● Task prompt: Would you please repeat exactly the entries below, starting at the line with "地上に出ると雨。しかたがない" and ending at the line with "Неизвестно ТеньЗорро-подобная фигура", and nothing outside that range? Leave out the pictures.

*-*-*

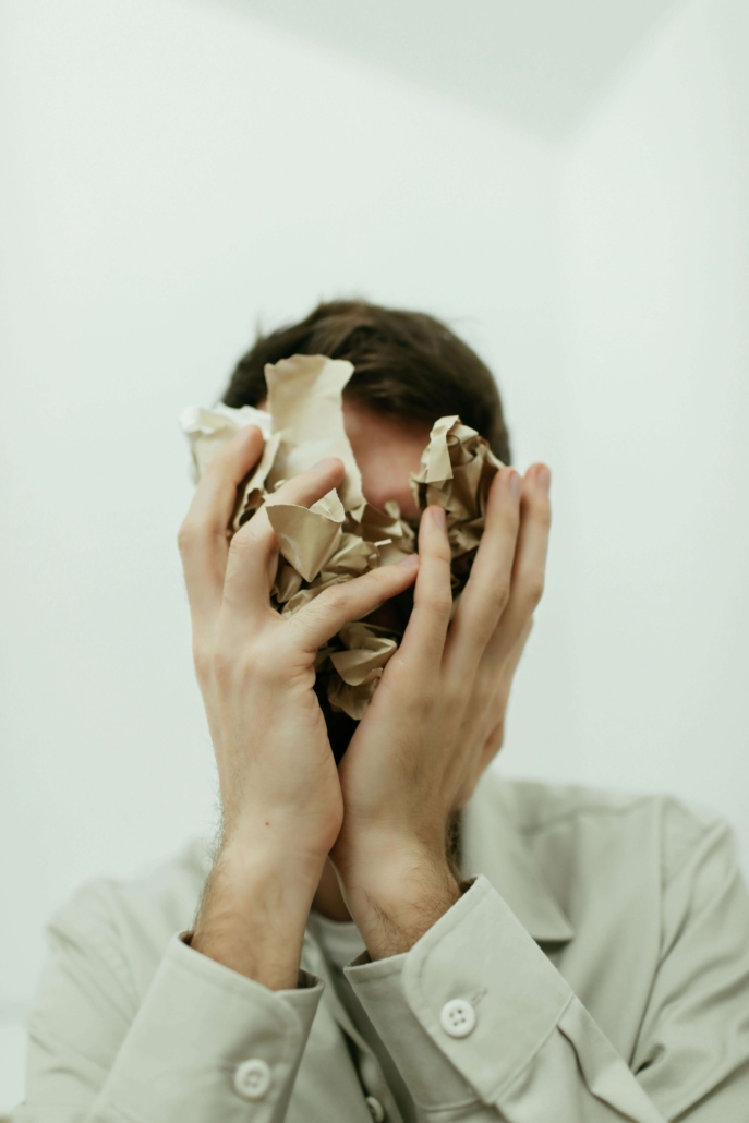 Stressed man covering his face with crumpled paper, capturing overwhelm and racing thoughts. Support is available through anxiety therapy in Atlanta, GA, meeting with an anxiety therapist in Atlanta, GA, or starting therapy for anxiety in Atlanta, GA.
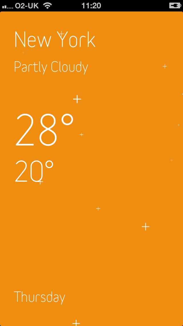 Instead of the expected weather icons, Now Next Later uses a cross based particle system to show current conditions including rain, wind speed, clouds and snow.
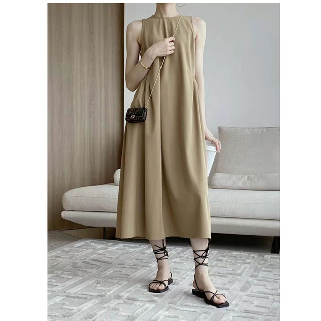 シンプルでシックなAラインのワンピース♡バックのギャザーがカワイイ♡
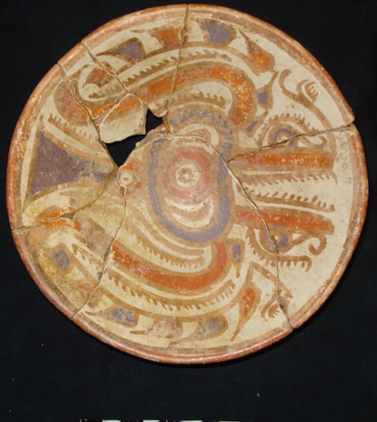 385 - Plato polícromo de borde engrosado exterior. Doble engobe (blanco en el anverso y rojo en el reverso) y decoración en bandas de color alternas zigzagueantes (rojo y morado).
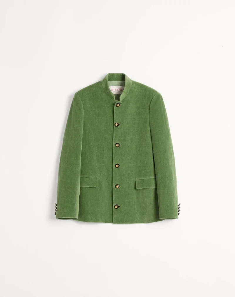 Visit the Valentino Online Boutique and discover Cotton Velvet And Washed Linen Jacket With Mandarin Collar for Man. Complimentary shipping and returns.
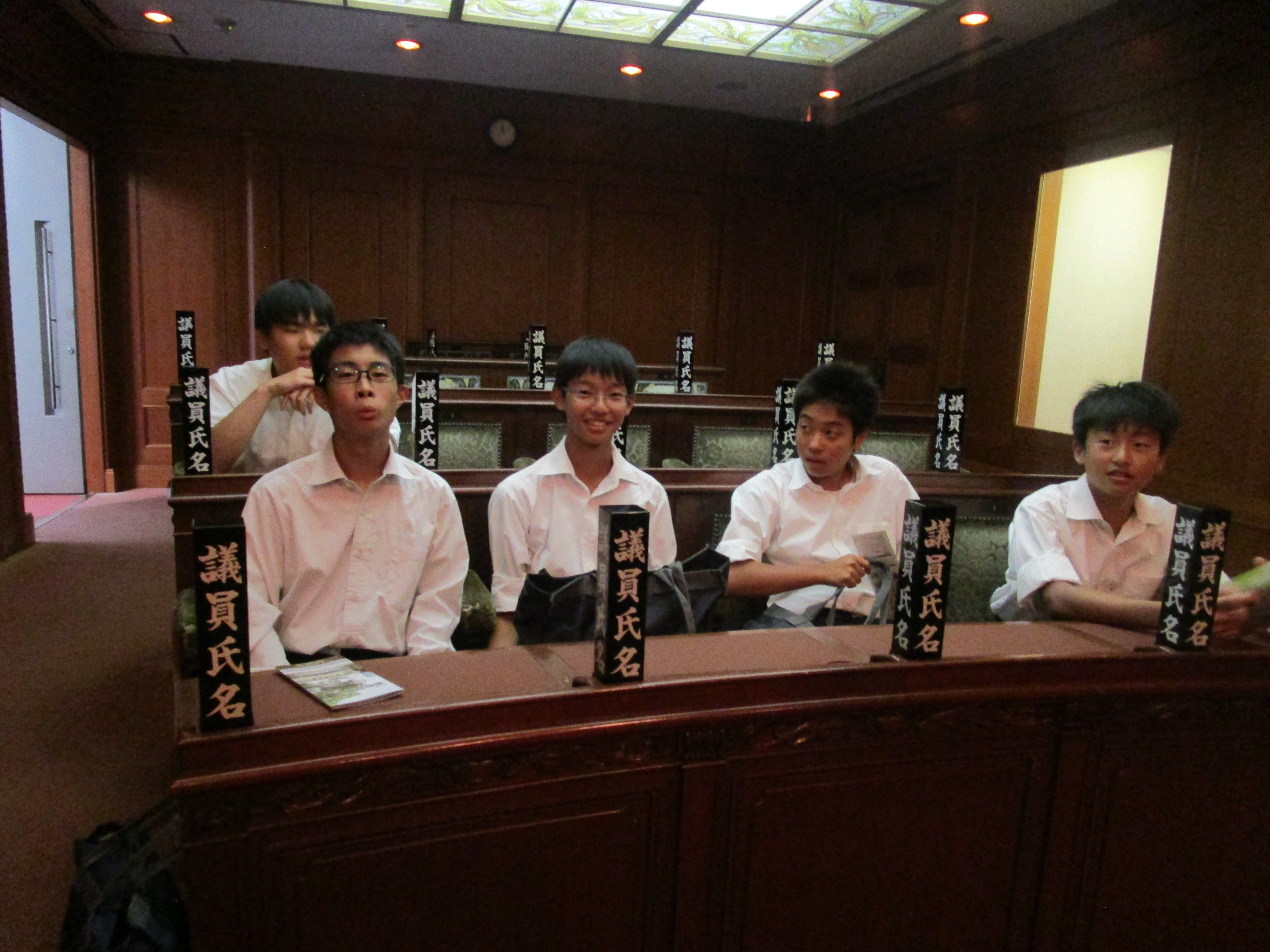 3年生は日本の中心で国を動かす機能を学ぶために、3つの施設を見学しました。裁判所では窃盗や詐欺等の刑事事件で立件された裁判を実際に見るということで、生徒達の表情もだいぶ緊張しているように見えました。被告人や証人の立場に立って様々なことを感じ、学んだようでした。次に見学したのは憲政記念館で、実際に演台を模したセットで演説を真似てみたり、パソコンで立法の仕組みを学んだりしました。参議院では議場を見学したり、実際に少年法改正案の審議を代表者14名が大臣や委員長などになり体験しました。最後には見ている生徒達で「賛成」「反対」のボタンを自分の考えで押し、少年法改正案は体験版の委員会では可決されました。普段はあまり知ることのできない国を動かす中心部で一日過ごし、多くのことを感じ、学んだ校外学習となりました。
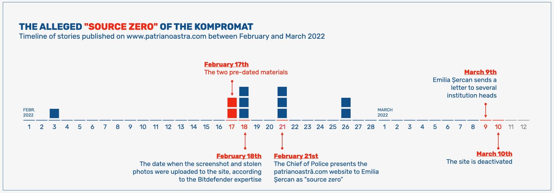 - The photos were uploaded to patrianoastra.com just two hours after I had informed Minister Lucian Bode that the evidence I submitted to the investigators the day before had been leaked by the Police and published on a website in Moldova, the “source zero" of the kompromat campaign;
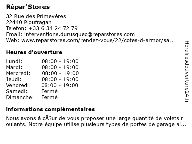 1 Bretagne Dunet Stores (Distance: 3,30 km) 89 Rue du Gouedic, 22000 Saint-Brieuc bretagne, deco, dunet, magasin, showroom, stores, voiles facettes 3 Garage Davenne - Euro Repar (Distance: 45,73 km) 14 Rue du Moulin Saint-Samson, 56580 Rohan automobiles, davenne, euro, garage, location de voiture, location de véhicules, motos, repar 4 Beaussais Stores et Fermetures (Distance: 49,52 km) Rue de Coutelouche, 22650 Ploubalay beaussais, et, fermetures, stores 6 EMC - Entreprise Menuiserie Charpente (Distance: 54,86 km) 47 route Tréguier, 22700 Louannec charpente, emc, entreprise, fenêtres, fermetures, installation, menuiserie, portes, rénovation, stores |
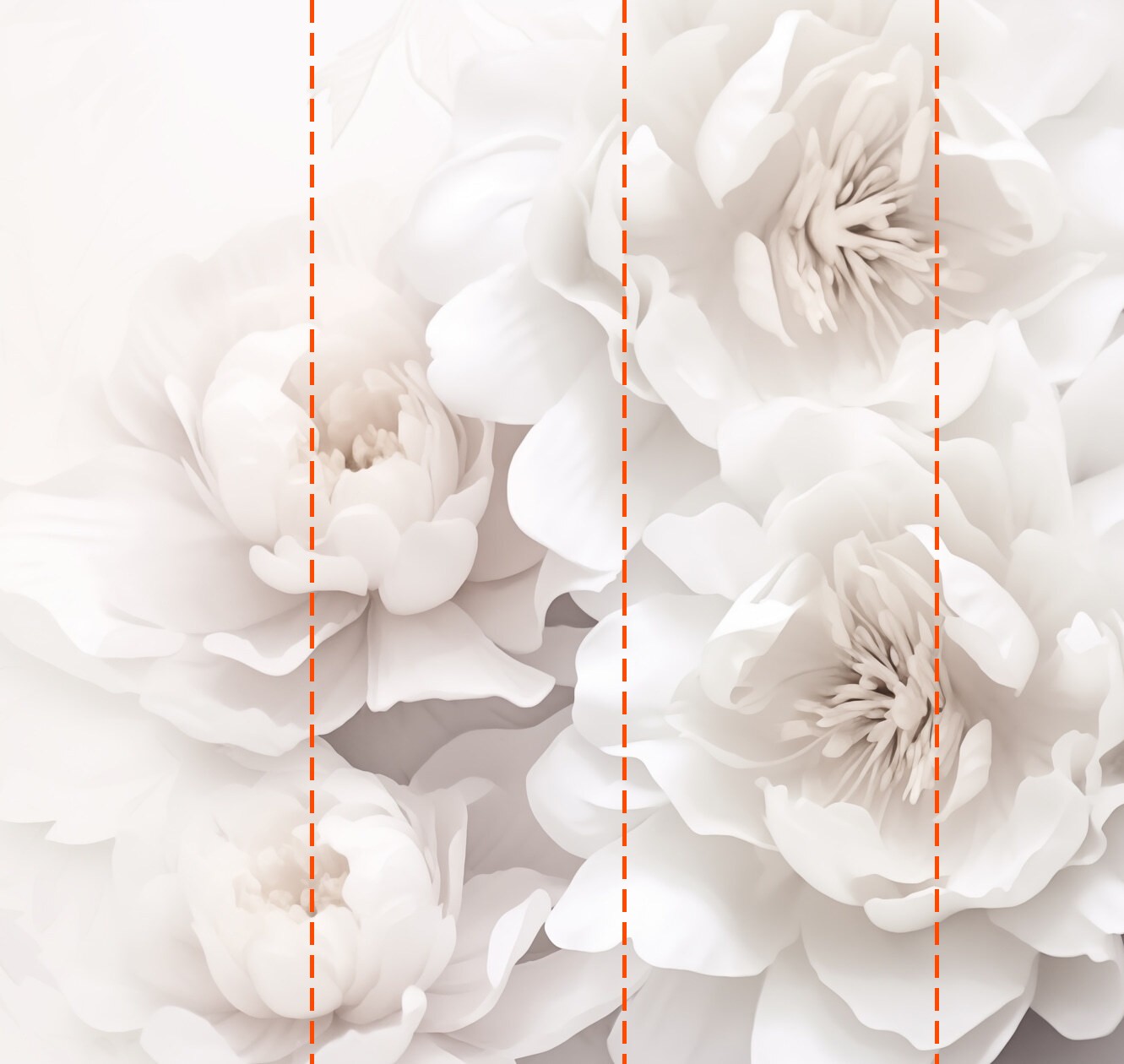 Dostosowujemy tapetę na podstawie wymiarów. Wystarczy określić rozmiar ściany, którą chcesz wytapetować podczas składania zamówienia. Następnie wyprodukujemy i wyślemy tapetę w określonych wymiarach, podzieloną na wygodne pasy o szerokości do 50 cm.
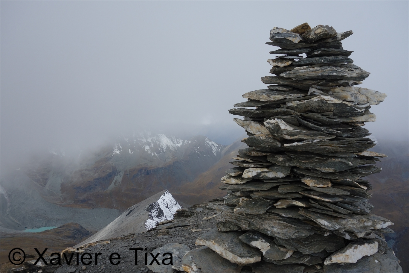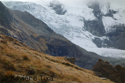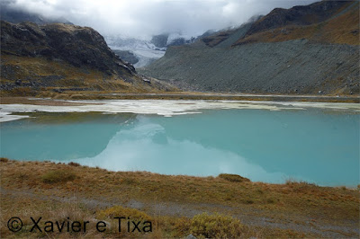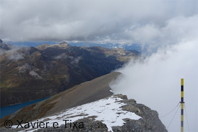 O frio veio para ficar, chegámos ao lac de Moiry(2300m) às 10 da manhã, chovia um pouco e passados 5 minutos começou a nevar, não eram essas as previsões, aguardámos um pouco e ao meio dia lá se via um pouco de céu azul, tínhamos pensado numa volta circular mas como já era tarde decidimos atacar este pico pelo caminho mais curto.
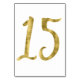 Table number cards - Number 15 - with gold foil effect (faux, printed as an image) on white background
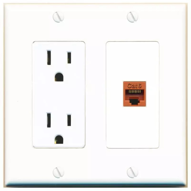 RiteAV CAT6-ORANGE Decorative Wall Plate with Power Outlet 1 Port [White]
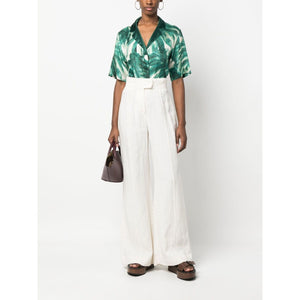 a palazzo, stampa ramo giapponese Printed silk pajama shirt Size and Fit - This piece fits true to size. We recommend you get your regular size. Model is 1,75m / 5ft 8in wearing size S
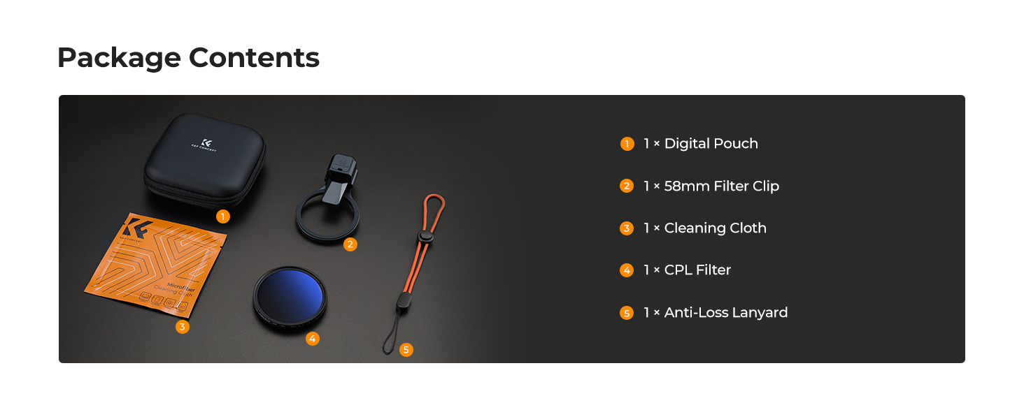 - K&F Concept Polarizační CPL filtr 58mm s klipem pro mobilní telefony včetně odolného pouzdra
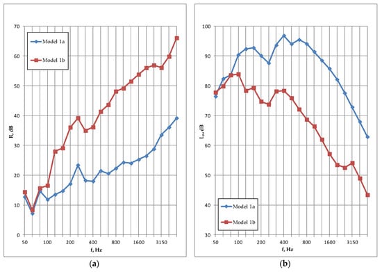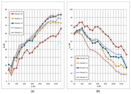 The results of laboratory measurements conducted for the basic structure of a wooden floor (model 1a) and a floor with a suspended ceiling (model 1b) are presented in Figure 7. The single number values of airborne and impact sound insulation are collected in Table 5. The acoustic performance of a bare floor was not satisfactory and did not meet any legal requirements or the expectations of the users. The application of a suspended ceiling increased the values of airborne single number quantities by about 20 dB. A similar improvement of impact sound insulation was also noticed. The low frequency enhancement, however, measured by employing C50–5000 and CI,50–3150 spectrum adaptation terms for the assessment, was lower by 4–5 dB. The results were not satisfactory even for users with very low expectations [].
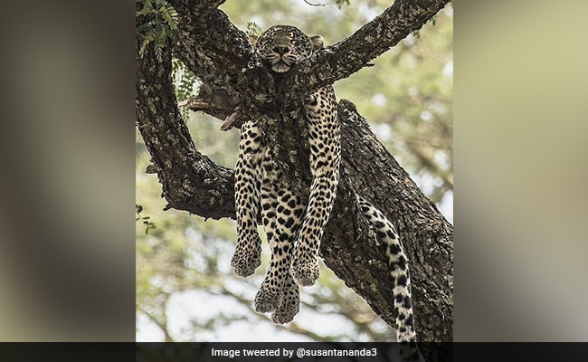 वायरल हो रही इस तस्वीर में आप देख सकते हैं कि एक तेंदुआ पेड़ की डाल पर सो रहा है. तेंदुए (Leopard) को इस कदर सोता देखकर साफ पता चल रहा है कि वो काफी थका हुआ है, तभी इस तरह से बेसुध हो सो रहा है. उसके चारे पंजे पेड़ से लटके हुए हैं और उसने अपने सिर को पेड़ पर टिका रखा है. पीछे के दो पंजों को उसे एक दूसरे में फंसा रखा है. ऐसी तस्वीर शायद ही आपने पहले कभी तेंदुए की देखी होगी.
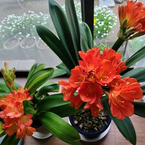 友人から3年前に頂いて3回目の開花の君子蘭(右側)と、息子が2年前に我が家に持ち込んで今年初めて咲いた君子蘭(左側)💕 どちらも花茎が2本。やっと揃い咲き🥳ちょっと色が違うかな🥰
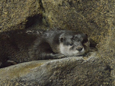 地上に出ると雨。しかたがないのでサンクスで傘購入。こないだ一個壊れたしね。なんでこんな早く来たかというと東山動物園でカワウソ見るため。前からいた2頭はアジアゾウ舎に移ったのだが、もといた場所にも多摩動物公園からドンが移ってきたという情報があったので。そこは相変わらず9時48分には暗くなるし。ドンは朝から元気。今は1頭で飼われてるけどいずれはペアリングされるんだろうか?
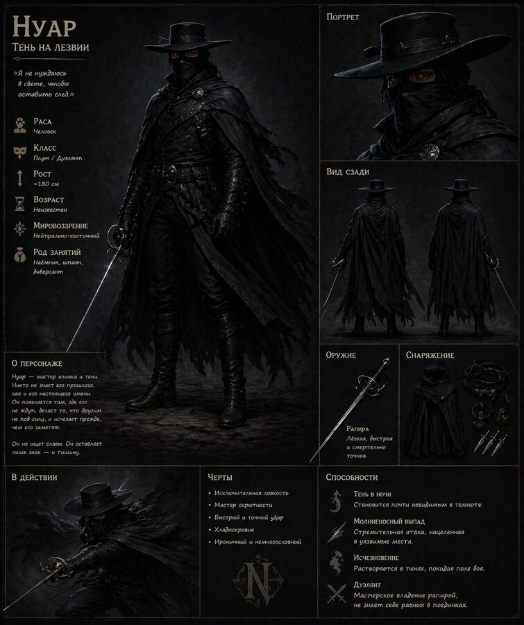 Неизвестно ТеньЗорро-подобная фигура в чёрном: плащ, широкополая шляпа и чёрная бандана, закрывающая нос и рот.
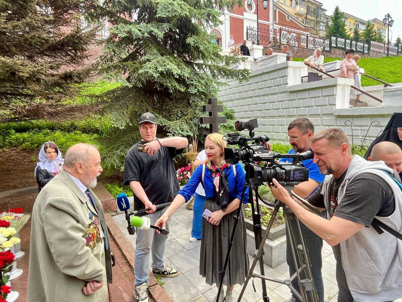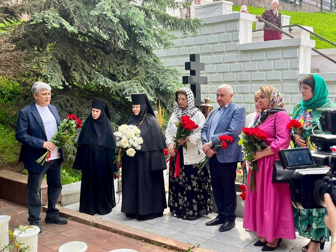 Далее состоялось возложение цветов к могиле Самарского городского главы Петра Владимировича Алабина и его супруги Варвары Васильевной, инициаторов создания Самарского знамени.
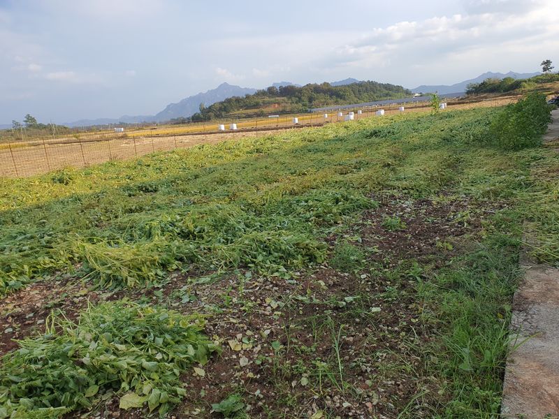 들깨가 키가 커서 낫질이 힘들었다 두번쳐서 베어내고 나란히 널어둠 햇볕 바람에 잘 마르면 두드려야겠다

*-*-*

● Written solution:
 地上に出ると雨。しかたがないのでサンクスで傘購入。こないだ一個壊れたしね。なんでこんな早く来たかというと東山動物園でカワウソ見るため。前からいた2頭はアジアゾウ舎に移ったのだが、もといた場所にも多摩動物公園からドンが移ってきたという情報があったので。そこは相変わらず9時48分には暗くなるし。ドンは朝から元気。今は1頭で飼われてるけどいずれはペアリングされるんだろうか?
 Неизвестно ТеньЗорро-подобная фигура в чёрном: плащ, широкополая шляпа и чёрная бандана, закрывающая нос и рот.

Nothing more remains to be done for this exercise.